I'm opening myself up to the things that -- knowing her as well as I did -- I think she would've encouraged me to do.  Some of those are things that we used to do together (performances that I know she would've wanted to attend, and so forth), and some of them are things that celebrate and honor her life, or help others in the way that she always helped others.
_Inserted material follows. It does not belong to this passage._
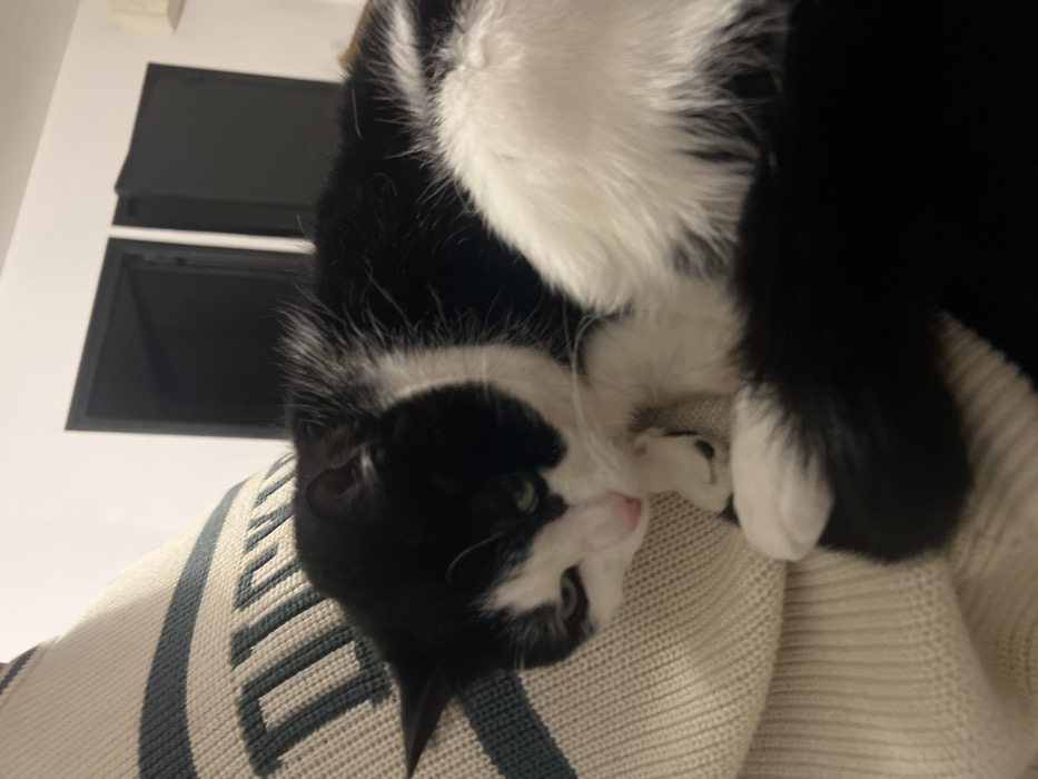 - "A black and white cat rests upside down on a pillow with a geometric pattern" by FM-sLRpr2, licensed under CC BY 4.0

It's almost as if I've been handed a new and lifelong project.

And finally, part of why I'm still here is because I know that she saw certain qualities in me that she particularly appreciated, and other potentials in me that she would've liked to see me develop.  I want to be that better version of myself, to prove to myself and the world that I was worthy of her.  I want to keep singing her praises until I can no longer speak.  I want to keep the memory of her fresh in the minds of her friends, and to keep her relevant.

At first, I did everything on my own.  Not because I thought it was better that way, but because I didn't know who to turn to.  And yet I was determined to not be like so many men who reject help just because of stoicism or machismo or ego or whatever.  I eventually found a very good therapist whom I see twice a week, and they've been invaluable to me.  I'd highly recommend you look into professional support, if you haven't already.  Here in San Francisco, we're spoiled for choice.  And thankfully many therapists use a sliding-scale which, in my case, brings the price down to just $30 per week for two 50-minute sessions.  There are a number of different disciplines in that world; I chose somatic psychotherapy, since it specifically addresses the way that the mind and body are intimately connected.  No doubt there are other disciplines that might also be valid for you. 

So if I had any advice to offer, it would be this: the intensity of what you are feeling right now is a testament to how important he was.  There's no reason to ever want to "move on" from that.  But the part that is emotionally raw, that feels like it's impossible to survive?  That's an emotional truth that you may have to allow enough space to do what it's going to do, and on its own timeline.  Don't presume it will (or should) always be the same.  It's likely to morph into a variety of other emotions that are more complex, but no less valid or respectful than those you feel now. 

Be open to learning from your grief.  Look for ways to celebrate your husband's life (a website? -a poem? -an artwork?  -a scrapbook?)  Stay connected with his family and friends; they need you to. 

And finally, when the grief feels like a black hole in the middle of your torso that's sucking you into it: look for ways to help others, that honor his memory.  That, I've found, is the most reliable way to acknowledge how much suffering there is in the world, but also to show how suffering is met with the good that people can do for each other.  I volunteer every week at the local VA hospital and by giving my time, support and energy to people who have physiological damage worse than my own, and who feel abandoned by the world, I feel like I'm affirming life for them, reminding myself of her character, and building meaning into my own life.

I hope this makes sense, and may help you in some small way.